In a perilous journey in a plane, carrying heavy supplies of fuel in reserve, Dunneldeen, a copilot and a gunner, flying by night to escape drone detection, went all the way to the eastern coast to a place once called New York. They found the buildings mostly knocked down but some gold vaults, tunneled into and empty.
They also visited a place the historian had found called Fort Knox, but it was just a gutted ruin.
Dunneldeen had accumulated
a remarkable fund of information and picto-recorder shots: bridges gone, tumbled rubble, wild game, wild cattle and varmints abundant, no trace of people, and they had had some hair-raising experiences.
But they got no gold.
They had to come to the conclusion that the Psychlos, as much as a thousand years ago, had thoroughly gutted this planet of gold. They must have even taken it from corpses in the streets, rings from fingers and fillings from teeth. Possibly this, along with the Psychlo sport of hunting humans on days off, accounted for the thoroughness of population wipeout. There was evidence that in the early days of conquest they had even massacred people just for their rings and fillings.
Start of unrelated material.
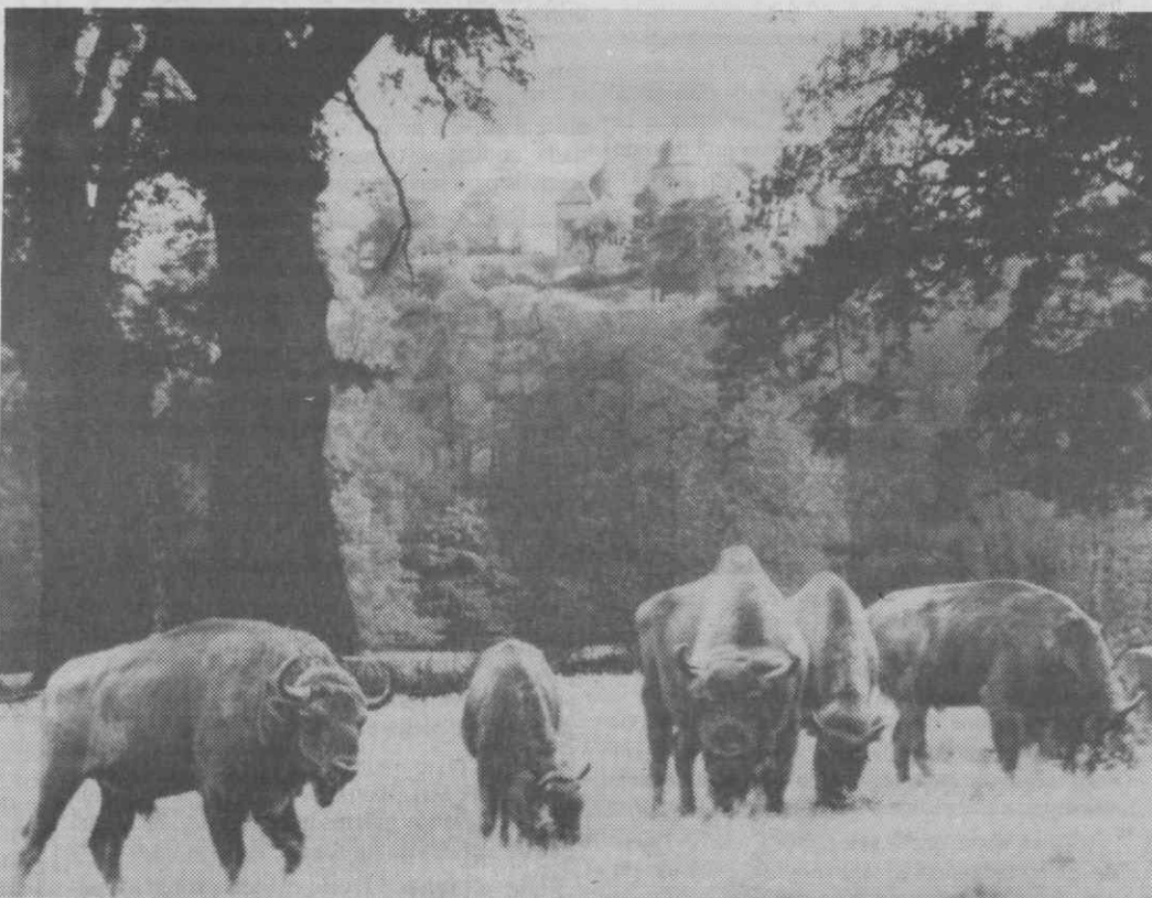
Um rebanho de bisões pastam no Jardim Zoológico de Sababurg, o chamado «Castelo da Bela Adormecida», dos contos dos irmãos Grimm. Aqui vivem também cavalos selvagens e uros (cruzamento genético moderno de reses selvagens extintas na Idade Média).

Também animais raros com galhos, como o ren e o dybovski, são criados nos bosques ao redor de Sababurg. Estes animais e o mullon estão entre as espécies ameaçadas de extinção. A criação visa também a preservação da garça europeia e da cegonha branca, que deverão ser repatriadas na Europa central.

They began to understand Terl a little better in his dangerous enterprise to possess the yellow metal for himself. To the humans, the metal meant very little: they had no experience of using it in trade; it was pretty and didn’t tarnish and was easily pounded into shape, but stainless steel had a lot more utility. Their own ideas of trade and thrift had to do with useful items that were real wealth.
None of this got them any closer to getting a ton of gold. They frantically test-drilled for the lost vein.
On Day 70, they found the vein again. It had been shifted by some past upheaval 231 feet to the north and only thirty feet from the surface.
They wiped off their sweating faces, the droplets tending to freeze in the bitter winter winds of these altitudes, made a new level area for equipment and a new shaft, and began to drift again along the white quartz. The vein had thinned down to about three feet in width. They drove on, filling the dark air of the drift with white chips and blast fumes.
They had scouted out Denver thoroughly. Typically, Terl had not intended to work in the U.S. Mint to refine his gold; he had set up a place in the basement of the remains of a smelter a few minutes’ drive away. He was just using the U.S. Mint as a receipt point.
But all the gold invoices they found in the mines said U.S. Mint, and it seemed to Jonnie that where so much gold was funneled in, there might be further traces there, in case they missed at the lode. Also this tank that didn’t exist to the U.S. military might have been guarding the Mint.